Hard to believe that some of these surreal places do exist.
The vast dusty reddish stretches in Ridley Scott's The Martian looked so forlorn and out-of-the-world that for a while we thought we actually landed on the red hot planet with a heavy thud just like Mark Watney.
But as we came to senses, we realised it was very much our own soil.
The landscape of Wadi Rum in South Jordan looked so much like a patch of land from another world that we almost felt we were in the outer space.
The 278-square mile protected area called Valley of the Moon looks like a piece borrowed from our neighbour Mars.
Well, Wadi Rum is not the only alien-esque place on earth.
There are a panoply of places that will make you feel like you are on another planet.

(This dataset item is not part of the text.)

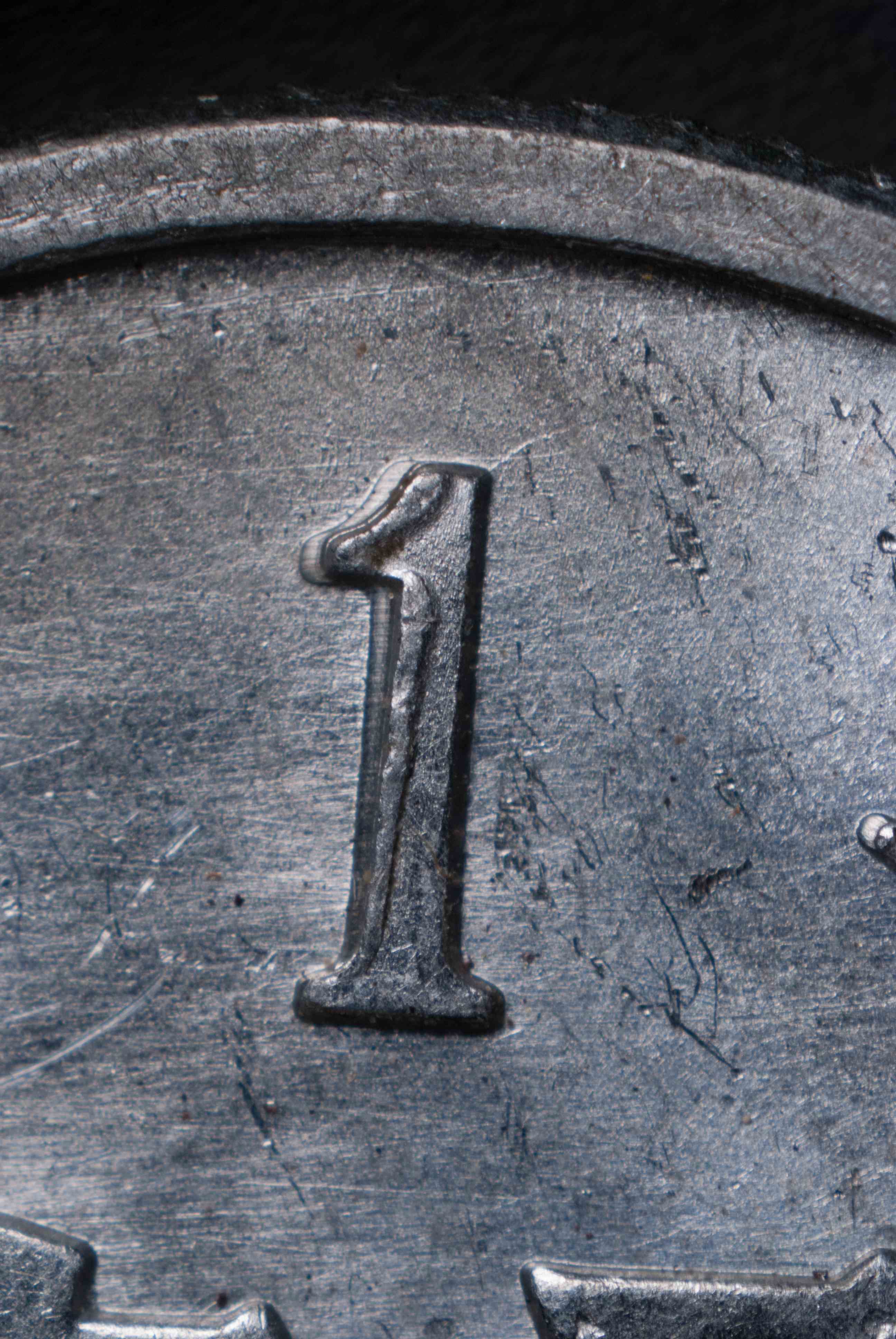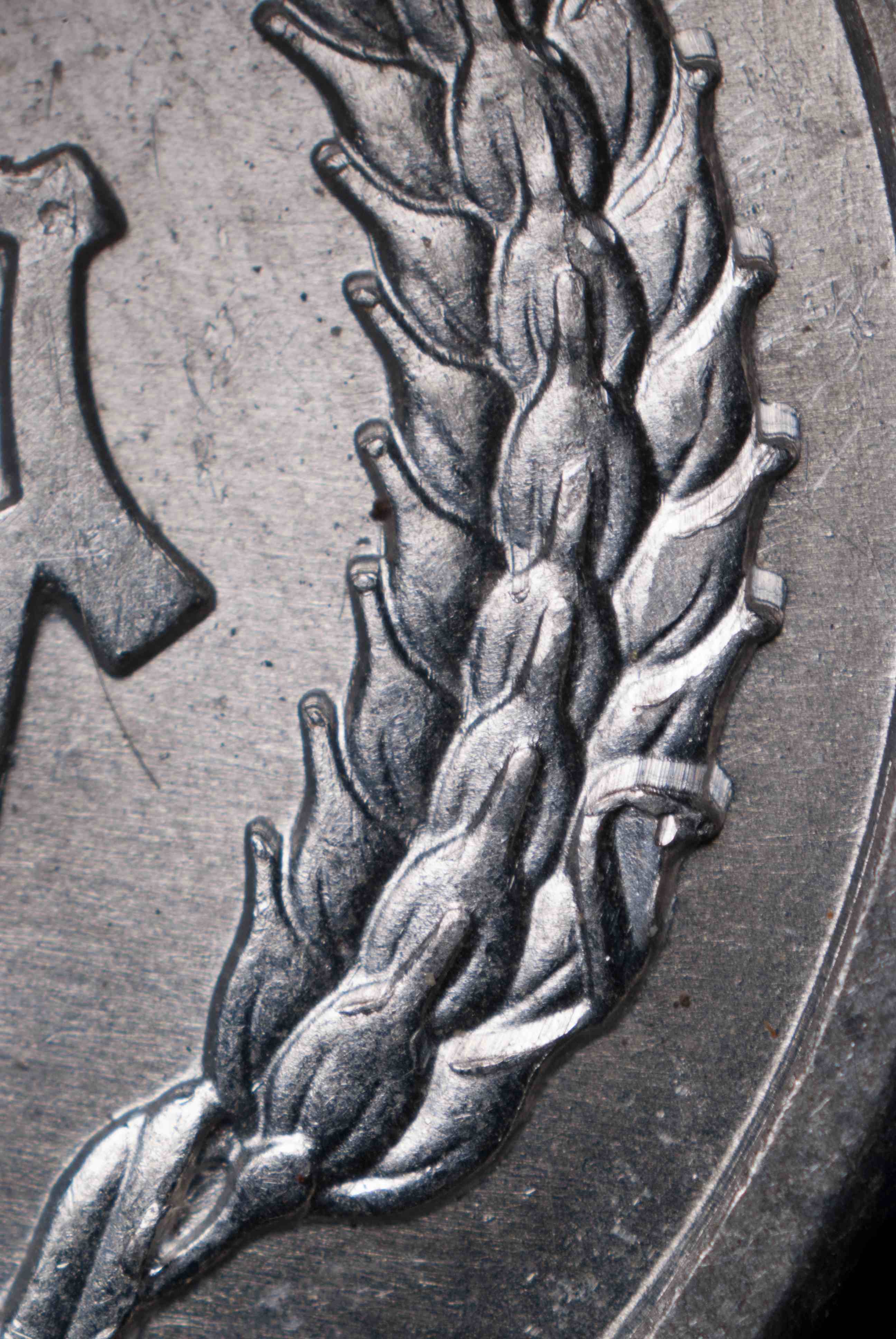 這幅照片顯示了用于壓印林肯分幣背面的二元模。如果您仔細觀察,就會發現二元模表面的圖案是陽紋,和壓印完成的錢幣上的圖案一樣。箭頭所指之處是二元模邊緣的凹槽。如果要多次翻模,工作模上的凸起部分將嵌入這些凹槽,保證二元模和工作模精確對正,在制作的陽模或陰模上做出滿意的圖案。

Here are six such stand-ins:
Socotra Island, Indian Ocean
Located in the Indian Ocean, it is part of a group of four islands.

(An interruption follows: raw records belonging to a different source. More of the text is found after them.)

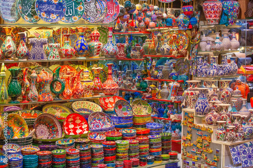 Naklejka premium Traditional decorated turkish souvenirs sold in Grand Bazaar in Istanbul, popular tourist attraction
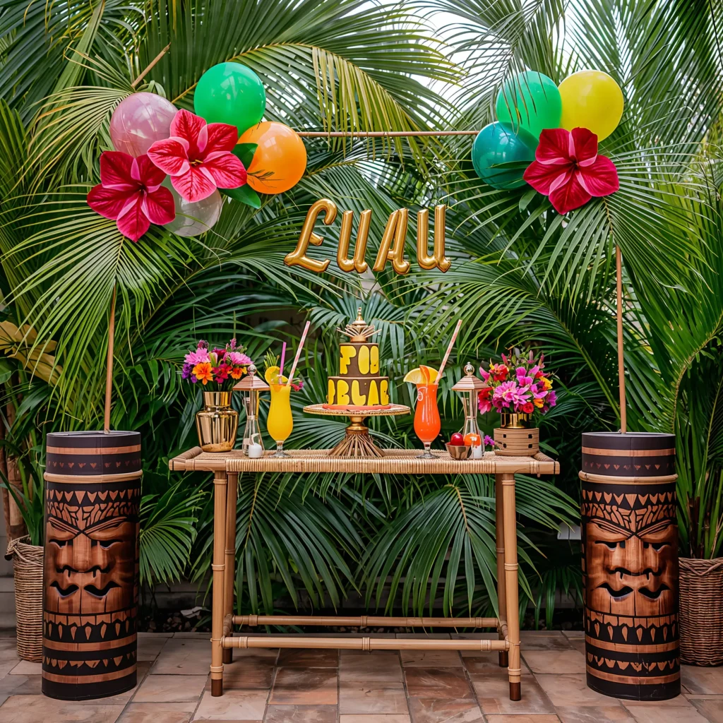Tiki torches (or LED versions for safety) create authentic ambiance and provide beautiful lighting as the evening progresses. Bamboo elements like placemats, serving trays, or decorative screens add to the tropical feel.
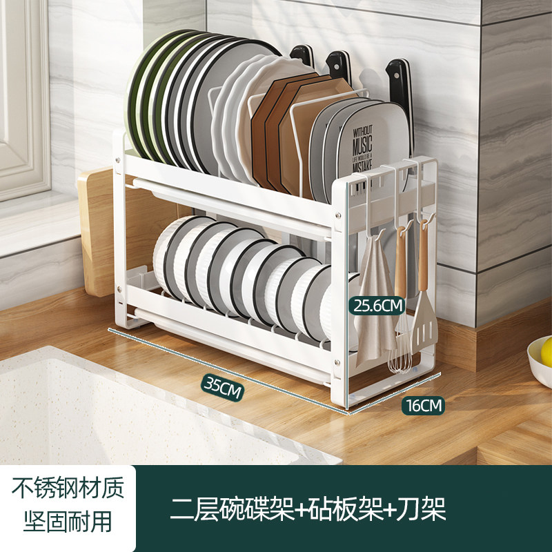 📚 不锈钢碗碟架h厨房置物架桌面放碗架沥水架双层台面碗筷窗台收纳
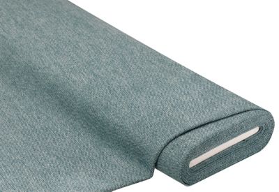 Tissu d'ameublement "Graz", pétrole clair chiné, avec envers en feutrine noire.

What makes it look alien-esque is its flora that is unique to this place.
It houses about 250 species of plants that are not seen anywhere else on earth.

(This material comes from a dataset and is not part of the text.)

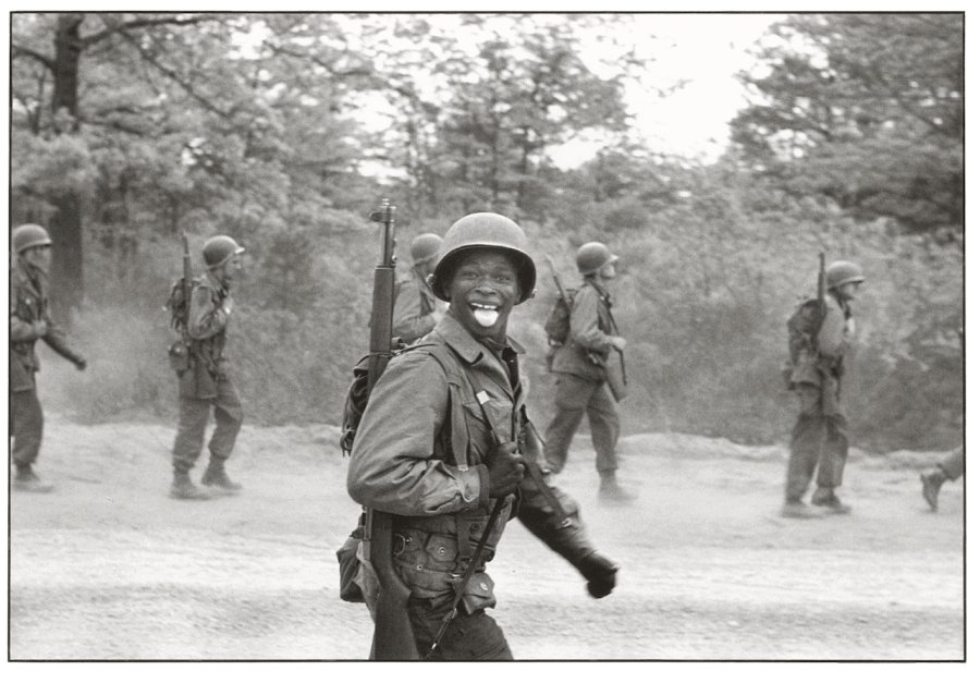 Elliott Erwitt è stato il fotografo dell’assurdo. Difficile trovare qualcuno che più di lui abbia raccontato con la stessa sensibilità e semplicità quei momenti inusuali e irrazionali che intralciano di tanto in tanto la nostra quotidianità. Nel corso di una carriera straordinariamente varia e peripatetica durata più di 70 anni, la sua macchina fotografica ha raccolto un intero panorama di immagini che messe insieme raccontano più di un’epoca. La lacrima di Jacqueline Kennedy incagliata nel velo scuro della donna durante i funerali del marito richiama il sorriso seducente di Marilyn Monroe, in una foto scattata quasi per caso; il sorriso del soldato di colore durante un’esercitazione nel 1951 in piena segregazione razziale ci porta direttamente a quella di un bambino nero che sorridendo si punta una pistola giocattolo alla testa; e poi i cani con le loro buffe espressioni fungono da perfetto contraltare alla pomposità e alla ricercata compostezza dei loro padroni.

Canopy-topped dragon's blood tree and think-trunked desert rose are the botanical icons of the island.
The dragon's blood tree oozes out blood-red resin if you pierce the trunk.
Desert rose grows to 10 ft and blooms too.
Photograph: Rod Waddington/Creative Commons
Rio Tinto, Spain
It literally translates to 'red river'.
The lunar-like landscape with a conspicuous red colour is due to a mix of rare bacteria with a low oxygen count and pollution from mining.
Mining has been going on here since 3000 BC. And these giant opencast mines give it the surreal look.
The outlandish landscape has even prodded the NASA to study its composition.
It looks so bloody that it will creep you out in no time.
Photograph: Riotinto2006/Wikimedia Commons
Spotted Lake, Canada
The water in this 61-acre lake contains one of the world's highest concentrations of minerals.
Such high levels of minerals like magnesium, calcium, silver and titanium are the reason behind the water reflecting colours like blue, green and yellow.
When the water evaporates and minerals get crystallised.
This forms several white-rimmed circles.
Water in these shallow pools reflects shades of blue and green.
Photograph: Marcia O'Connor/Creative Commons
Salt Flats, Bolivia
They are believed to be 30,000 years old and were created when Lake Minchin dried up.
Called as Salar de Uyuni, today, 10 billion tons of the salt spread across 4000 square miles look no less than a natural wonder when they create stunning mirages.
That looks so out-of-the-planet!
Photograph: Luca Galuzzi/Wikimedia Commons
Stone Forest, China
Known as the First Wonder of the World since the Ming Dyansty, the towering rock structures seem to emanate from the ground creating the illusion of stone-stiff trees.
It is actually a process carried out due to water erosion.
Photograph: shi zhao/Creative Commons
The Richat Structure
Also called the Eye of the Sahara, it reminds us of the Eye in Lord of the Rings.
Earlier believed to be formed by a meteorite impact, now geologists state that it is caused by uplift and erosion.
Made from sand and bare rock, the 40-km wide geological anomaly is visible from space too. However, it's circular shape is still a mystery.